(2018/03/23 21:02), Robert Haas wrote:
> On Fri, Mar 23, 2018 at 7:55 AM, Etsuro Fujita
> <fujita.etsuro@lab.ntt.co.jp> wrote:
>> Maybe I'm missing something, but I think the proposed FDW API could be used
>> for the COPY case as well with some modifications to core. If so, my
>> question is: should we support COPY into foreign tables as well? I think
>> that if we support COPY tuple routing for foreign partitions, it would be
>> better to support direct COPY into foreign partitions as well.
>
> Yes, I really, really want to be able to support COPY. If you think
> you can make that work with this API -- let's see it!
OK
>>> 3. It looks like we're just doing an INSERT for every row, which is
>>> pretty much an anti-pattern for inserting data into a PostgreSQL
>>> database. COPY is way faster, and even multi-row inserts are
>>> significantly faster.
>>
>> I planed to work on new FDW API for using COPY for COPY tuple routing [1],
>> but I didn't have time for that in this development cycle, so I'm
>> re-planning to work on that for PG12. I'm not sure we can optimize that
>> insertion using multi-row inserts because tuple routing works row by row, as
>> you know. Anyway, I think these would be beyond the scope of the first
>> version.
>
> My concern is that if we add APIs now that only support single-row
> inserts, we'll have to rework them again in order to support multi-row
> inserts. I'd like to avoid that, if possible.
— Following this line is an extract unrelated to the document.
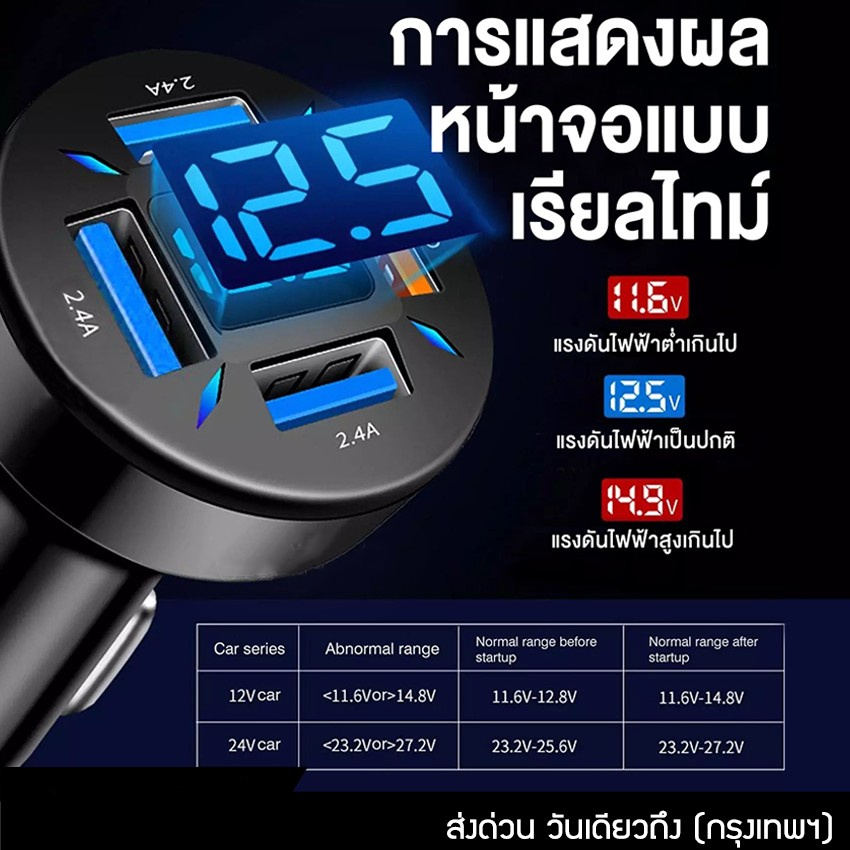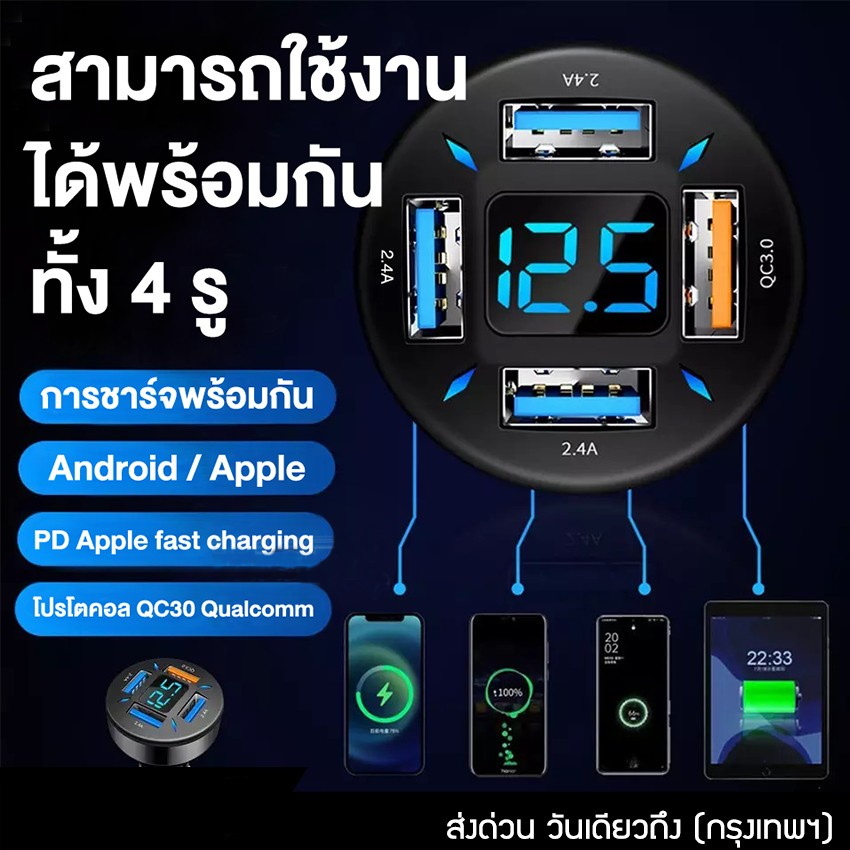 GOOJODOQ ที่ชาร์จในรถ ที่ชาร์จเสียบที่จุดบุหรี่ อะแดปเตอร์ 12V-24V 4พอร์ต QC3.0 USB Quick charger PD

Yeah, but we would have this issue for normal inserts into foreign
tables. For the normal case, what I'm thinking to support multi-row
inserts is to use DirectModify FDW API. With this API, I think we could
support pushing down INSERT with multiple VALUES sublists to the remote,
but I'm not sure we could extend that to the tuple-routing case.
> I think for bulk
> inserts we'll need an API that says "here's a row, store it or buffer
> it as you like" and then another API that says "flush any buffered
> rows to the actual table and perform any necessary cleanup". Or maybe
> in postgres_fdw the first API could start a COPY if not already done
> and send the row, and the second one could end the COPY.
That's really what I have in mind.
Best regards,
Etsuro Fujita